Work instruction: Every entry in the data is to be written out exactly; no picture belongs in the copy.

=== Section Start ===

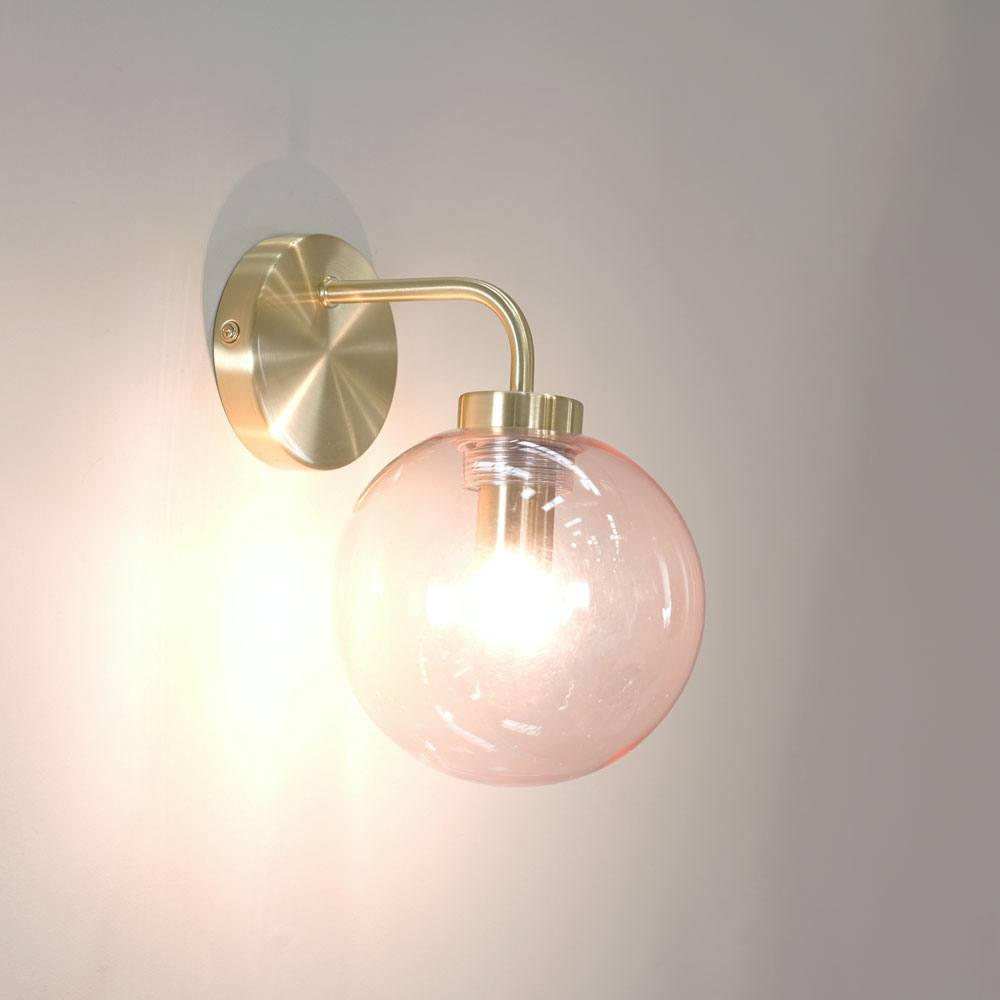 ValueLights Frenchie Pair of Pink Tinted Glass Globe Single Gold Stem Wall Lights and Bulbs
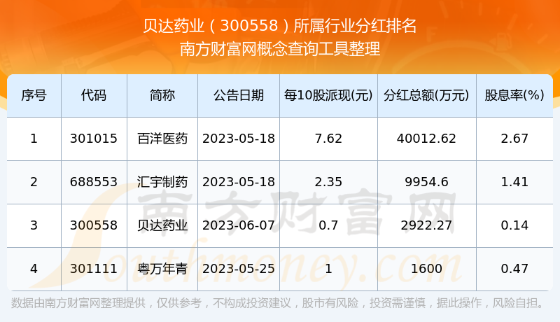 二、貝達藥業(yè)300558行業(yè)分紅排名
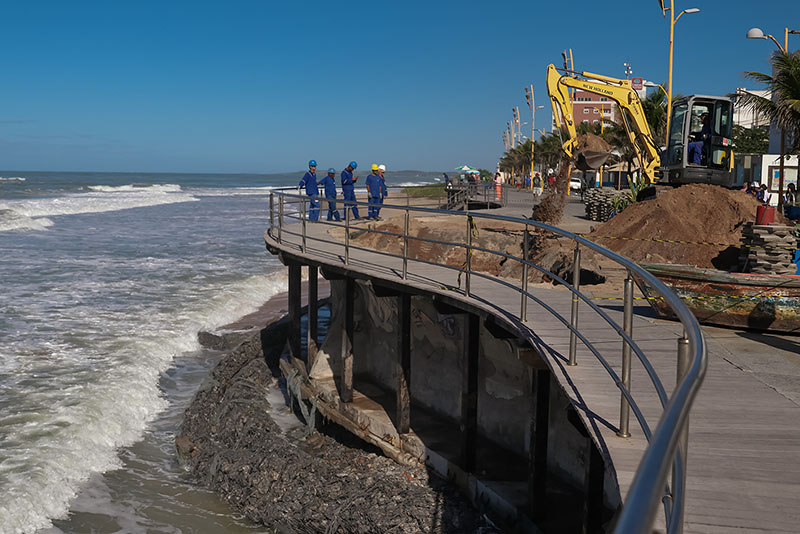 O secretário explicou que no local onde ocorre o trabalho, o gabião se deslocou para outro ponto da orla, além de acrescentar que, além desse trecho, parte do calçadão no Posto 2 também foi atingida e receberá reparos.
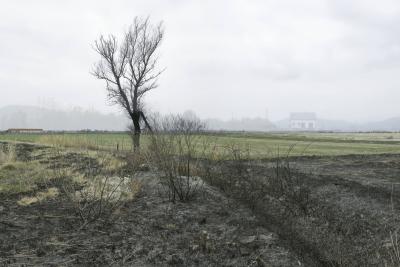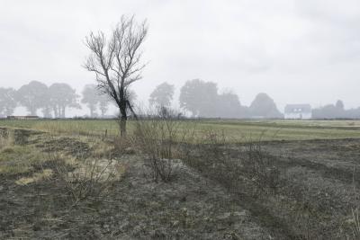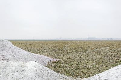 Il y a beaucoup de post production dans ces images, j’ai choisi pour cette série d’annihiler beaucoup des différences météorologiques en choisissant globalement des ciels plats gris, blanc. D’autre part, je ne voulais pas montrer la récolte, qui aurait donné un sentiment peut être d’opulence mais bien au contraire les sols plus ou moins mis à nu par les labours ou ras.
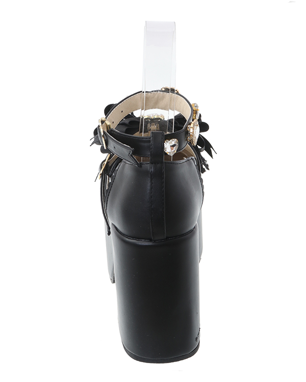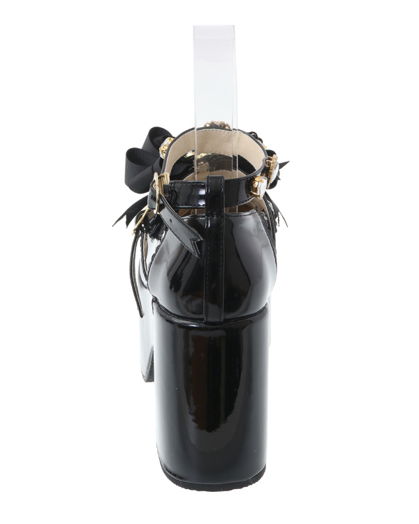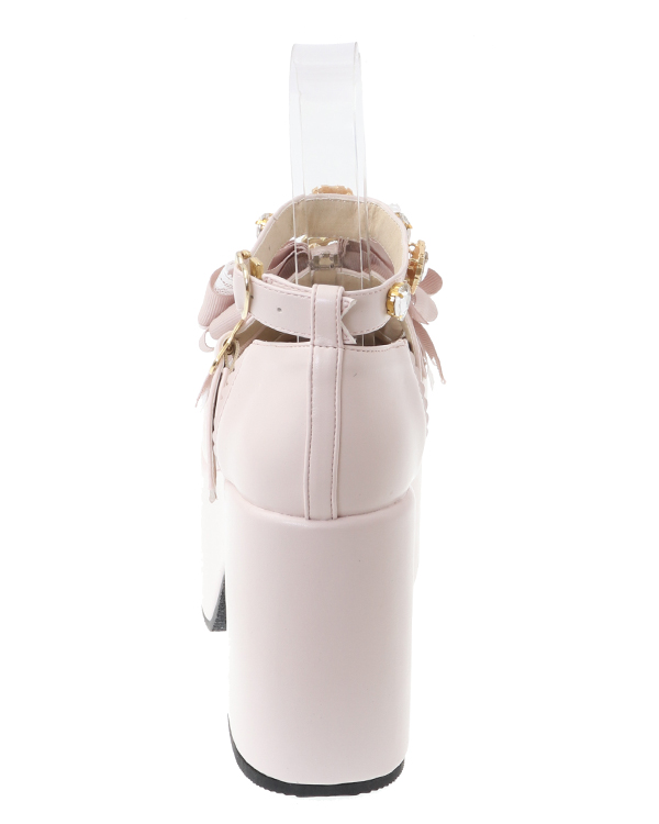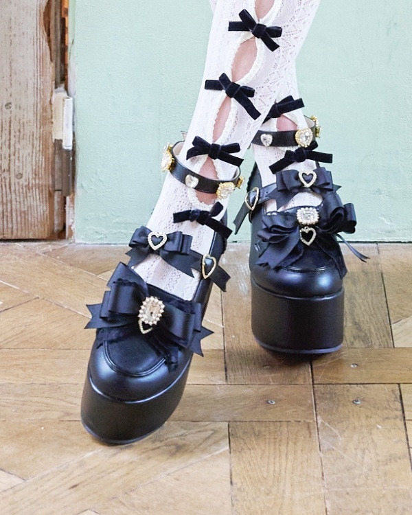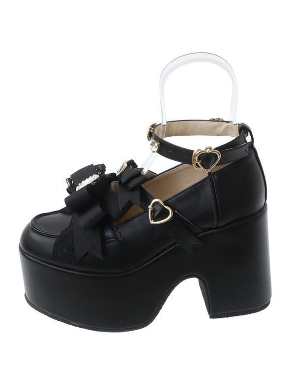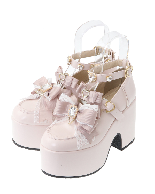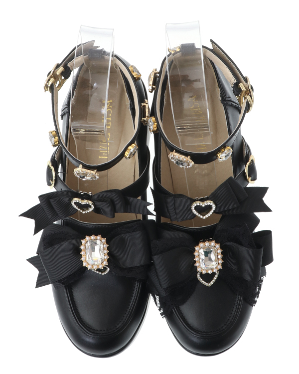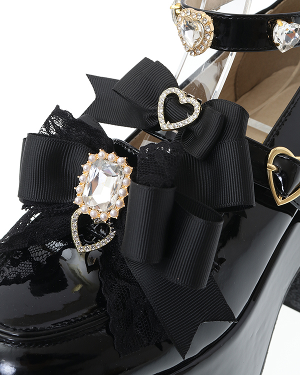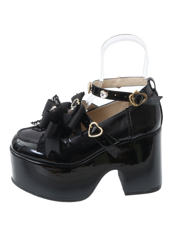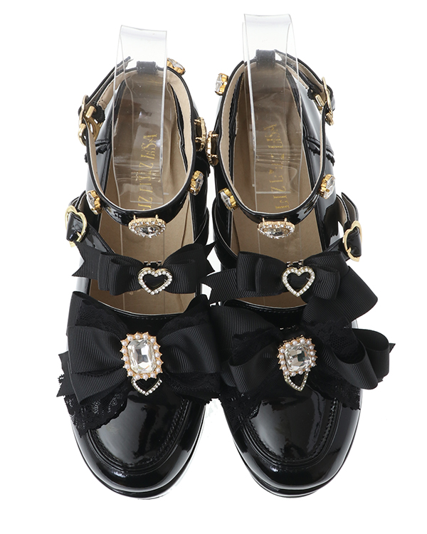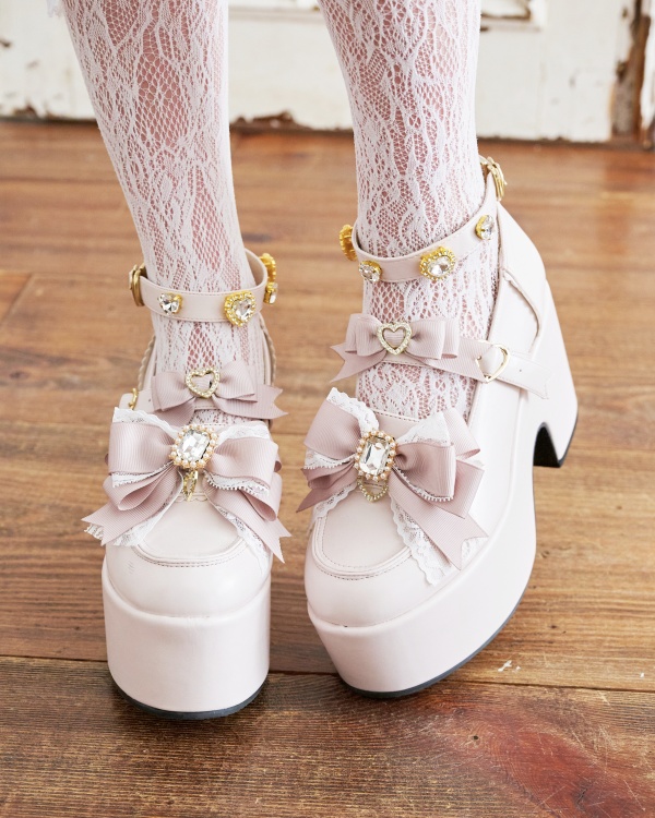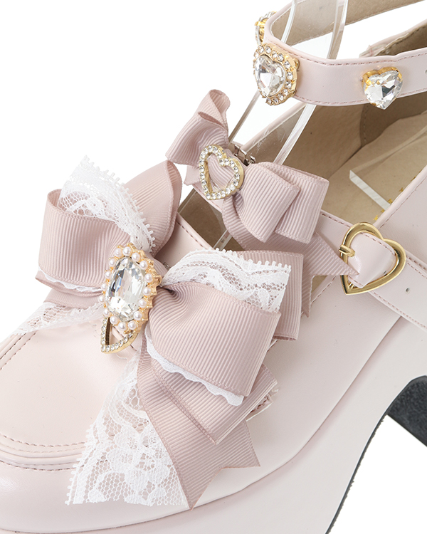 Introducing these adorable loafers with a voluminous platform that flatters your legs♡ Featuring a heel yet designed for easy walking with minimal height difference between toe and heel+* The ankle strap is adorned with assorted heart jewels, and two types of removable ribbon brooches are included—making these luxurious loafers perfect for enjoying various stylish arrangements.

=== Section End ===

Result for this task:
 ValueLights Frenchie Pair of Pink Tinted Glass Globe Single Gold Stem Wall Lights and Bulbs
 二、貝達藥業(yè)300558行業(yè)分紅排名
 O secretário explicou que no local onde ocorre o trabalho, o gabião se deslocou para outro ponto da orla, além de acrescentar que, além desse trecho, parte do calçadão no Posto 2 também foi atingida e receberá reparos.
 Il y a beaucoup de post production dans ces images, j’ai choisi pour cette série d’annihiler beaucoup des différences météorologiques en choisissant globalement des ciels plats gris, blanc. D’autre part, je ne voulais pas montrer la récolte, qui aurait donné un sentiment peut être d’opulence mais bien au contraire les sols plus ou moins mis à nu par les labours ou ras.
 Introducing these adorable loafers with a voluminous platform that flatters your legs♡ Featuring a heel yet designed for easy walking with minimal height difference between toe and heel+* The ankle strap is adorned with assorted heart jewels, and two types of removable ribbon brooches are included—making these luxurious loafers perfect for enjoying various stylish arrangements.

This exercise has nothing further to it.